Exercise description =
Output exactly the lines that run from the start of the records to the line with "Detects human targets", counting both ends, and skip the pictures.

Dataset records =
####
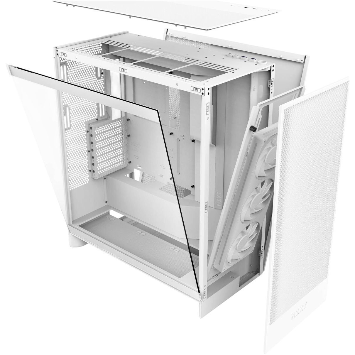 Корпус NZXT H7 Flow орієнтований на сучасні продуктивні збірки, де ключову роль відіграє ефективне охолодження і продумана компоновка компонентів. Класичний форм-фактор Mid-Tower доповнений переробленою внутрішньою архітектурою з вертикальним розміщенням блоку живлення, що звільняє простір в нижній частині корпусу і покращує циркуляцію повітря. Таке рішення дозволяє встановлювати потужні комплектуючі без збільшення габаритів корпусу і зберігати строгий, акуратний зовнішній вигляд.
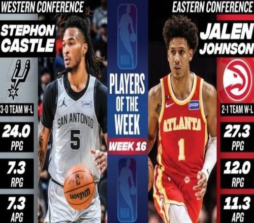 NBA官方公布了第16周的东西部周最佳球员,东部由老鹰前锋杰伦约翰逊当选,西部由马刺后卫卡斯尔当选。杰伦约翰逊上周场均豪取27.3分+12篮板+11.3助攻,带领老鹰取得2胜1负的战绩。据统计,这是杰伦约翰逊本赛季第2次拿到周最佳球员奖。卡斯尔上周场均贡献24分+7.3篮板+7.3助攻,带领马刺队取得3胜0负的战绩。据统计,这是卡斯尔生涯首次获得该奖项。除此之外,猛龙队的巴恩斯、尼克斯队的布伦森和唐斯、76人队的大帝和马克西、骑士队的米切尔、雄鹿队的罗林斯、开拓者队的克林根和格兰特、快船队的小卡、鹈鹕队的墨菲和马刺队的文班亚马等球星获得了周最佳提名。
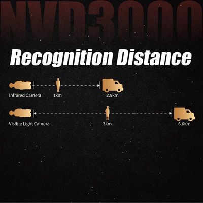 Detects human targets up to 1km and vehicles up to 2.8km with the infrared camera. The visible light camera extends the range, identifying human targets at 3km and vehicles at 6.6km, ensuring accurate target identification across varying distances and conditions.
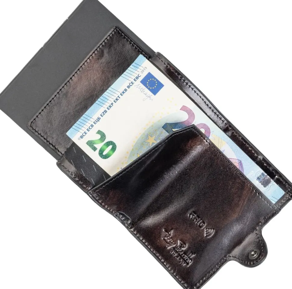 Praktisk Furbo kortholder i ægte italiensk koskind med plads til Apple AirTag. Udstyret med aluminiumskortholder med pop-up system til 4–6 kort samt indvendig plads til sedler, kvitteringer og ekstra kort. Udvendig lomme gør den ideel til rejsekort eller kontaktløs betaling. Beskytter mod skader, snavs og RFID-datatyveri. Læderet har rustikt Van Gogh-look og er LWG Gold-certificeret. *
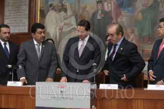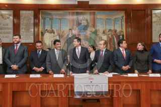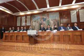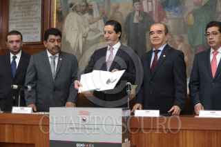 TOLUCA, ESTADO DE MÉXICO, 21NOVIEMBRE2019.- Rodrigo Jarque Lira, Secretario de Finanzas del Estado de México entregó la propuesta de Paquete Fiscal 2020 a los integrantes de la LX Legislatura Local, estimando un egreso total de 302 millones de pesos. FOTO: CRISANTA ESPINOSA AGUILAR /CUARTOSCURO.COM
####
Solution for this problem =
 Корпус NZXT H7 Flow орієнтований на сучасні продуктивні збірки, де ключову роль відіграє ефективне охолодження і продумана компоновка компонентів. Класичний форм-фактор Mid-Tower доповнений переробленою внутрішньою архітектурою з вертикальним розміщенням блоку живлення, що звільняє простір в нижній частині корпусу і покращує циркуляцію повітря. Таке рішення дозволяє встановлювати потужні комплектуючі без збільшення габаритів корпусу і зберігати строгий, акуратний зовнішній вигляд.
 NBA官方公布了第16周的东西部周最佳球员,东部由老鹰前锋杰伦约翰逊当选,西部由马刺后卫卡斯尔当选。杰伦约翰逊上周场均豪取27.3分+12篮板+11.3助攻,带领老鹰取得2胜1负的战绩。据统计,这是杰伦约翰逊本赛季第2次拿到周最佳球员奖。卡斯尔上周场均贡献24分+7.3篮板+7.3助攻,带领马刺队取得3胜0负的战绩。据统计,这是卡斯尔生涯首次获得该奖项。除此之外,猛龙队的巴恩斯、尼克斯队的布伦森和唐斯、76人队的大帝和马克西、骑士队的米切尔、雄鹿队的罗林斯、开拓者队的克林根和格兰特、快船队的小卡、鹈鹕队的墨菲和马刺队的文班亚马等球星获得了周最佳提名。
 Detects human targets up to 1km and vehicles up to 2.8km with the infrared camera. The visible light camera extends the range, identifying human targets at 3km and vehicles at 6.6km, ensuring accurate target identification across varying distances and conditions.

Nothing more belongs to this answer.